• _INSTRUCTIONS TO FOLLOW_:
Copy out the data in full and exactly, passing over the pictures.

• _DATASET EXTRACT_:

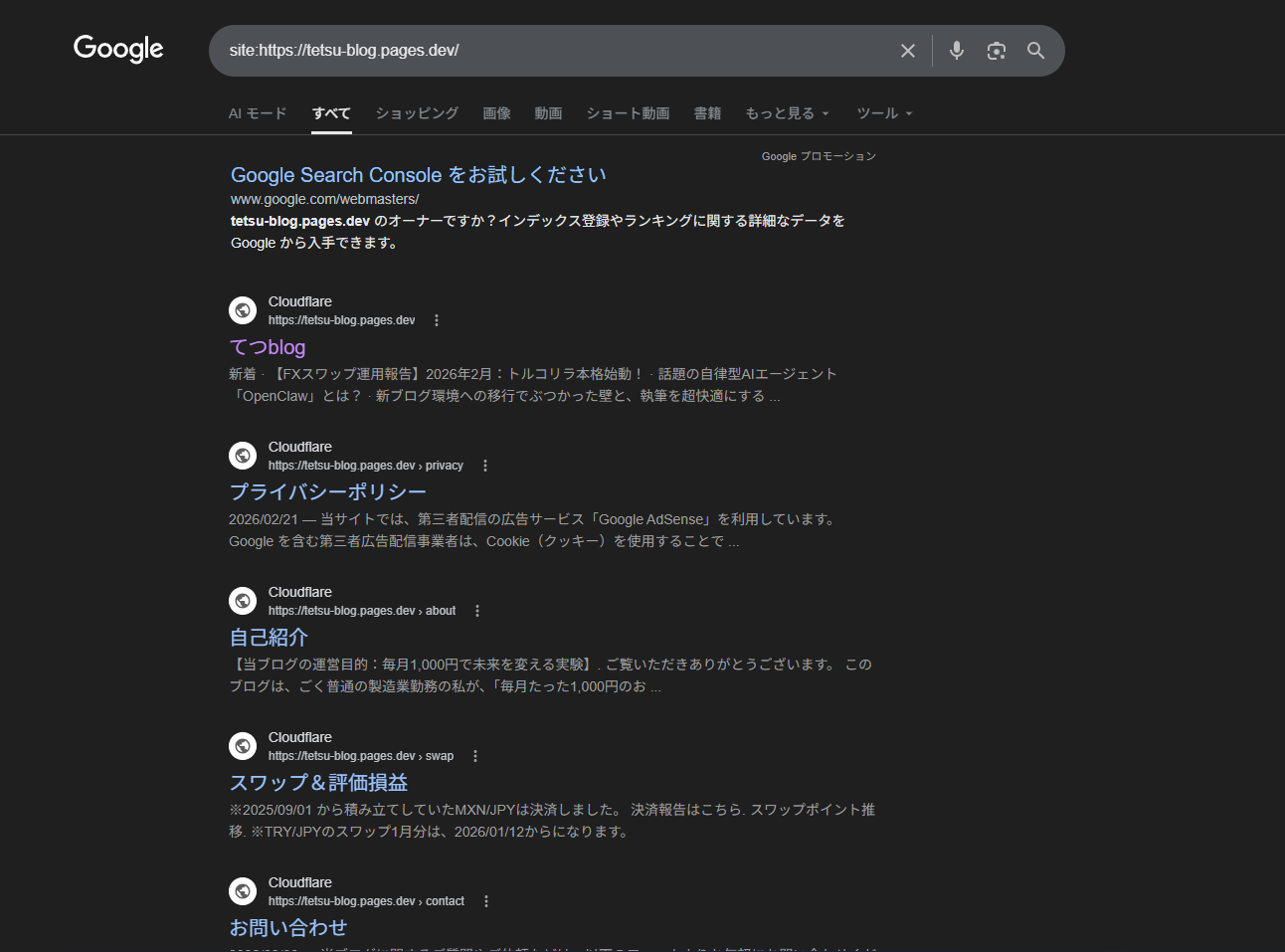 移行後、ブラウザで site:https://tetsu-blog.pages.dev/ と検索してみると……しっかりとGoogleの検索結果に私の記事たちが表示されていました!! Blogger時代にどれだけ足掻いても越えられなかった「インデックスの壁」を、爆速表示とクローラーの巡回しやすさのおかげで、ついに突破できたのです。あの時の歓喜は忘れられません。
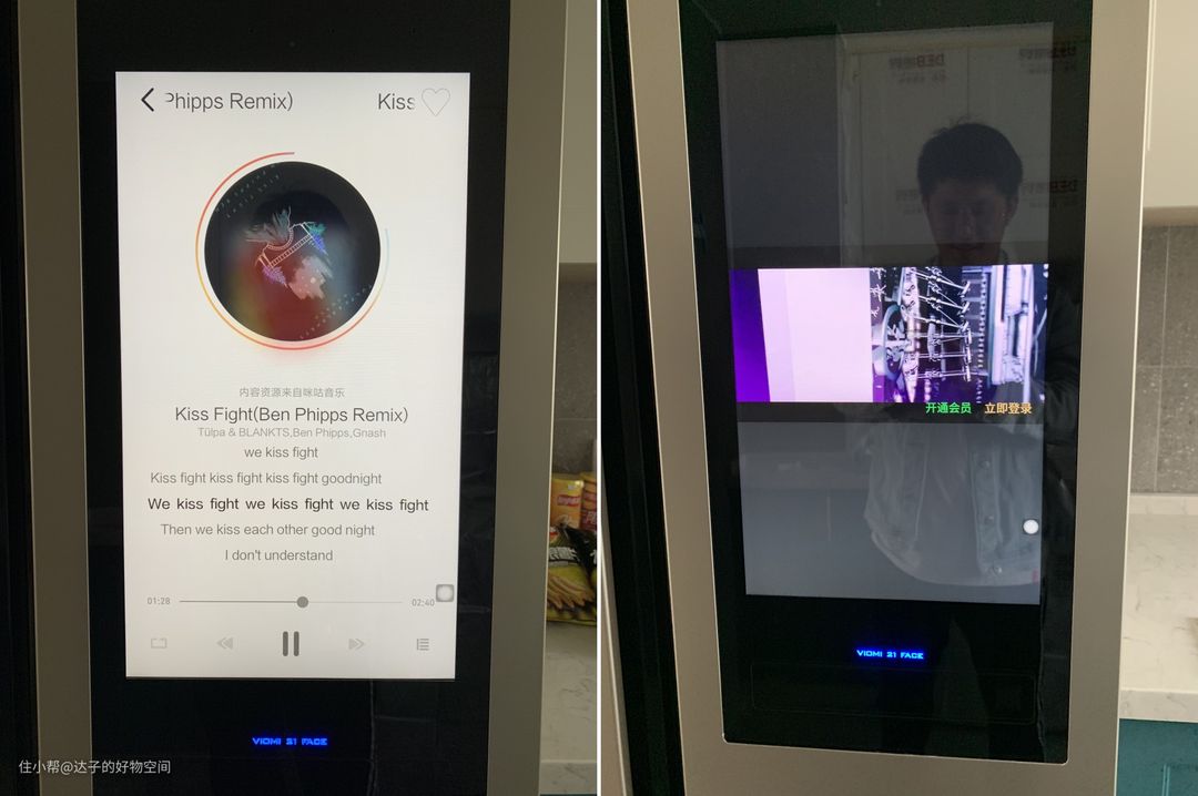 当然,因为屏幕是竖屏,因此视频播放的时候,界面会有点奇怪,这个适应一下就OK了。毕竟手机可以横过来拿,冰箱可不能横过来放啊~~毕竟是附加功能,理解一下吧。
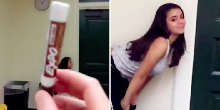 The 18-year-old dancer bends next to a trash can while a friend tosses a pen toward her booty. Then, as if guided by the hand of God himself, she arches her back to hit the pen into the can with her butt.
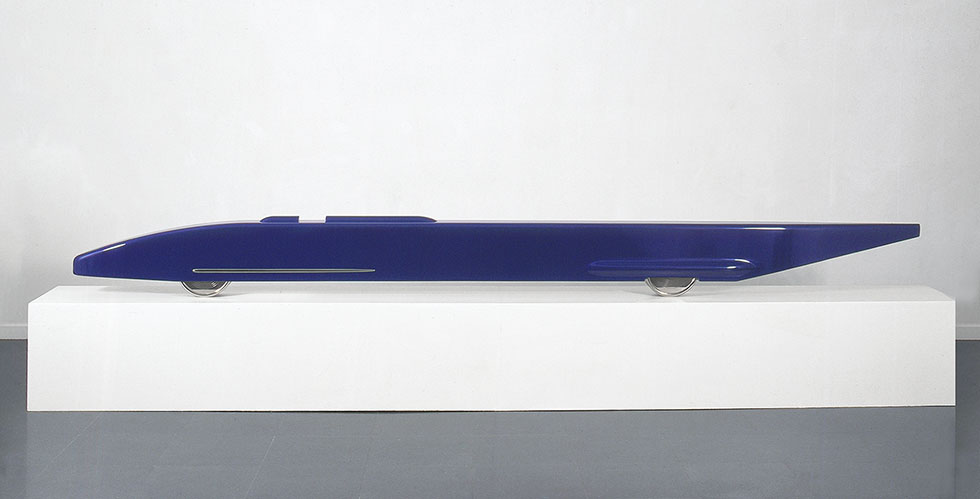 Painted epoxy fiberglass on canvas on wood, chrome-plated brass

• _ANSWER BOX_:
 移行後、ブラウザで site:https://tetsu-blog.pages.dev/ と検索してみると……しっかりとGoogleの検索結果に私の記事たちが表示されていました!! Blogger時代にどれだけ足掻いても越えられなかった「インデックスの壁」を、爆速表示とクローラーの巡回しやすさのおかげで、ついに突破できたのです。あの時の歓喜は忘れられません。
 当然,因为屏幕是竖屏,因此视频播放的时候,界面会有点奇怪,这个适应一下就OK了。毕竟手机可以横过来拿,冰箱可不能横过来放啊~~毕竟是附加功能,理解一下吧。
 The 18-year-old dancer bends next to a trash can while a friend tosses a pen toward her booty. Then, as if guided by the hand of God himself, she arches her back to hit the pen into the can with her butt.
 Painted epoxy fiberglass on canvas on wood, chrome-plated brass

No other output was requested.